Intersection over Union (IoU) evaluates the similarity index between the ground truth and the segmented image using the ratio of the intersection of the two sets to their union.

$$\text{IoU}=2*\frac{\text{Intersection of segmented image and ground truth mask}}{\text{Union of segmented image and ground truth mask}}$$
(6)

4 Results and discusions

In this section, we have first evaluated the original DeeplabV3 + model as well as our proposed DeeplabV3 + model on the basis of performance metrics selected. Then comparative analysis of two models has been presented w.r.t precision, recall, specificity, dice coefficient and IoU. Finally, the performance of proposed model has been compared with the state-of-the-art deep learning segmentation methods.

4.1 Performance of proposed DeeplabV3 + model

Figure 6a–e illustrate the variations in precision, recall, specificity, dice coefficient, and IoU across the 50 epochs of training on benign tumor samples. Precision reached to 0.943 and 0.9517 on the training set and validation set, respectively. As shown in Fig. 6b, recall improved to 0.956 on and 0.964 on the training set and validation set, respectively. Specificity increased to 0.997 and 0.998 on the training set and validation set, respectively, as illustrated in Fig. 6c. The dice coefficient improved to 0.963 and 0.968 on the training set and validation set, respectively as illustrated in Fig. 6e, IoU reached 0.86 for training set and to 0.87 for validation set (see Fig. 7).

Fig. 6
figure 6

Performance of the proposed modified Deeplabv3 + model during Training Phase of benign tumor samples

Fig. 7
figure 7

Performance of the proposed modified Deeplabv3 + model during Training Phase of malignant tumor samples

4.2 Visual analysis

Figure 8 represents the masks predicted for benign and malignant tumor samples respectively. In Fig. 8, the original image is represented by first column having benign tumor, second column presents the original masks, 3rd column shows the masks predicted by the proposed modified DeeplabV3 + model and the last column gives the overlapped image obtained by combining original image and predicted mask.

Fig. 8
figure 8

Performance of Proposed Model on test dataset for benign tumor samples

Similarly, Fig. 9 shows the predicted masks for malignant tumour samples.
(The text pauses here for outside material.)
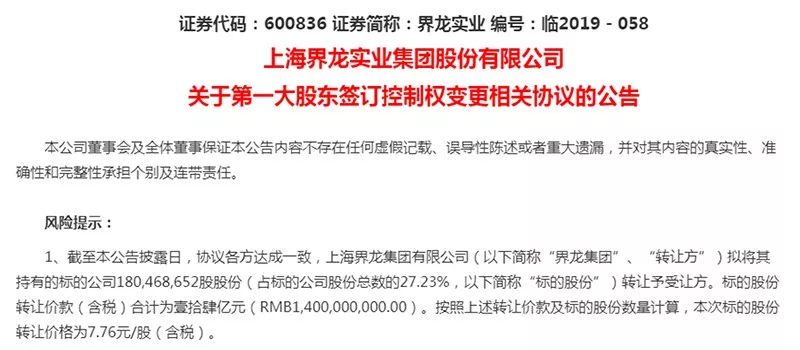 [天眼]界龙实业被通报:控股股东\"借\"账户

From the visual analysis of predicted masks obtained for both benign and malignant tumor samples it has been inferred that the proposed model generates masks that closely resemble the original ones (see Table 3).

Fig. 9
figure 9

Performance of Proposed Model on test dataset for malignant tumor samples

Table 3 Performance comparison of Proposed Modified DeepLabV3 + Model with original DeepLabV3 + model

4.3 Comparative analysis with state-of-the-art methods

To check the efficacy of our proposed model, a comparative analysis with state-of-the-art methodologies in the field has been conducted as shown in Table 4. The comparative analysis revealed that our proposed methodology outperforms existing approaches in terms of precision, recall, specificity, dice coefficient and IoU.
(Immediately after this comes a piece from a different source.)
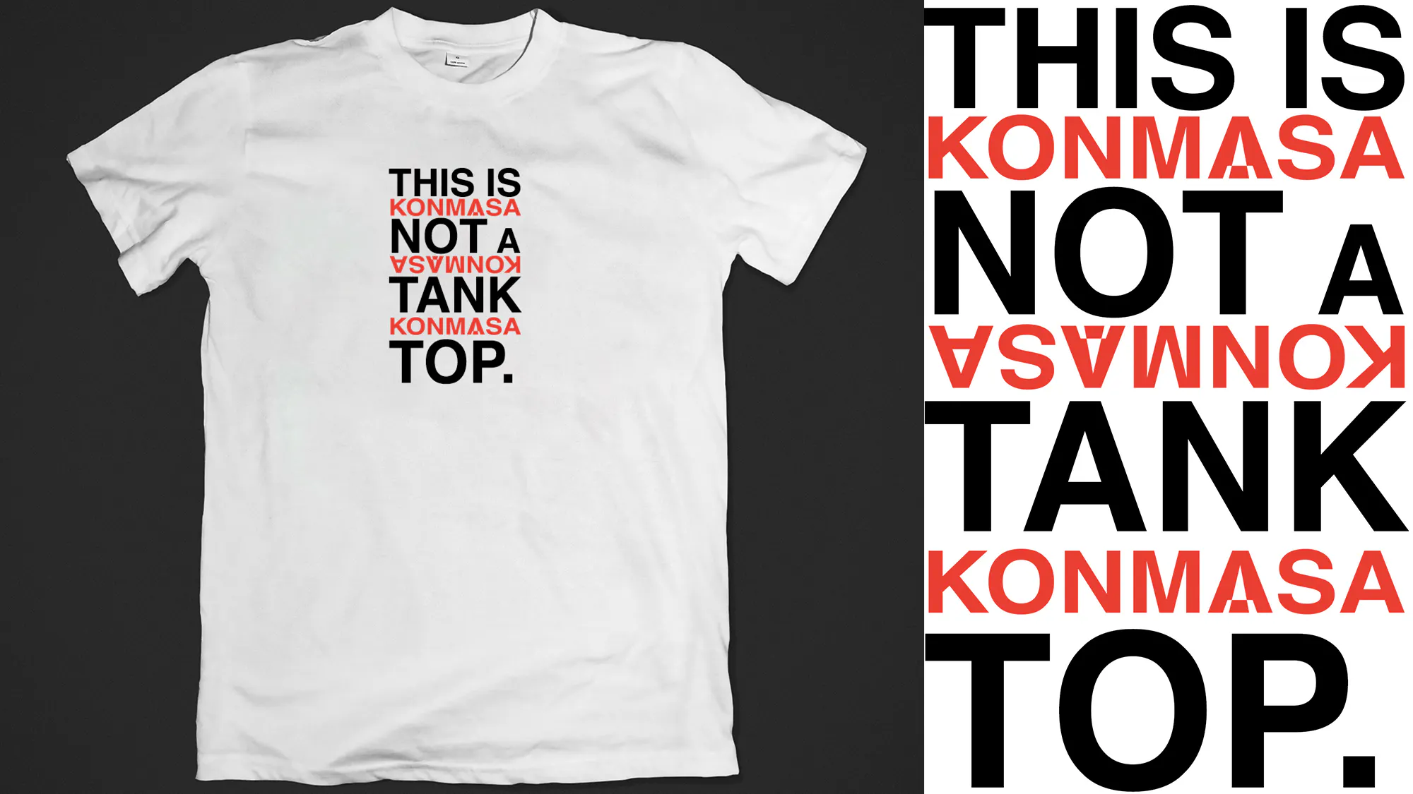 ・常にタンクトップを着ているKONMASAによるデザイン、「THIS IS NOT A TANK TOP.」をTシャツに印刷。こちらはクラウドファンディング限定です。

Table 4 Comparison of proposed model with state-of-the-art methods

5 Conclusion and future scope

This paper presents a comprehensive study on the segmentation of breast tumors in ultrasound images, which is fundamental for CAD systems in breast cancer detection. In this study, a modified DeepLabV3 + architecture integrated with a CBAM has been introduced to enhance feature extraction and segmentation accuracy. Evaluation of the proposed model demonstrates its outstanding performance across various performance metrics, including precision, recall, specificity, Dice coefficient, and IoU. Compared to the original DeepLabV3 + model, the modified architecture with CBAM integration shows substantial improvements, achieving higher precision, recall, and overall segmentation accuracy for both benign and malignant tumor samples.
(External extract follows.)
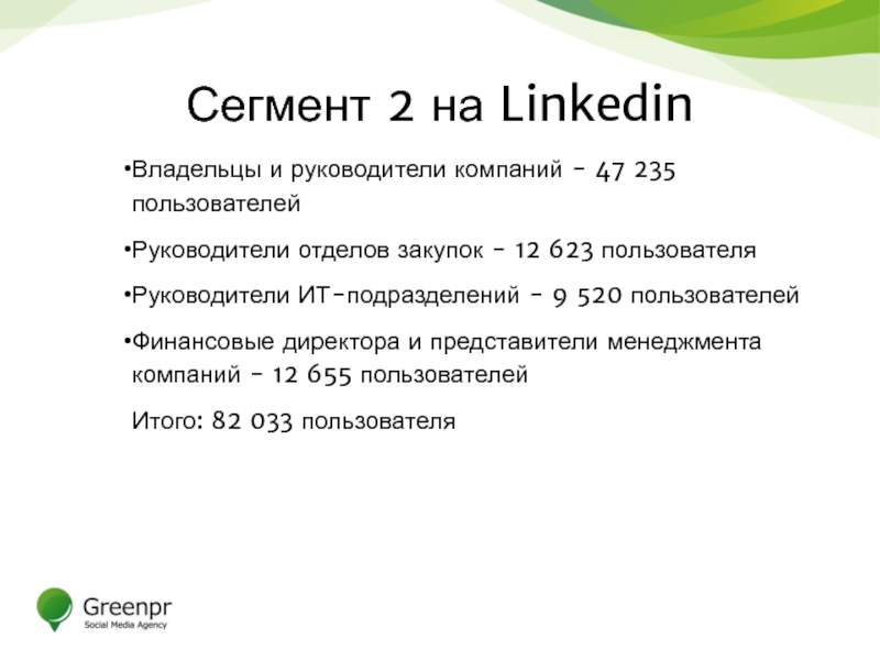 Linkedin - взаимодействие с «верхним слоем» Сегментов 2 и 3.

As future research, various optimization algorithms can be embedded into the DeepLabV3 + segmentation pipeline to enhance segmentation accuracy. Furthermore, the contributions of different backbone architectures in the encoder part of the segmentation pipeline can be investigated. Also, combining information from multiple imaging modalities, such as ultrasound, MRI, and mammography, could enhance segmentation accuracy.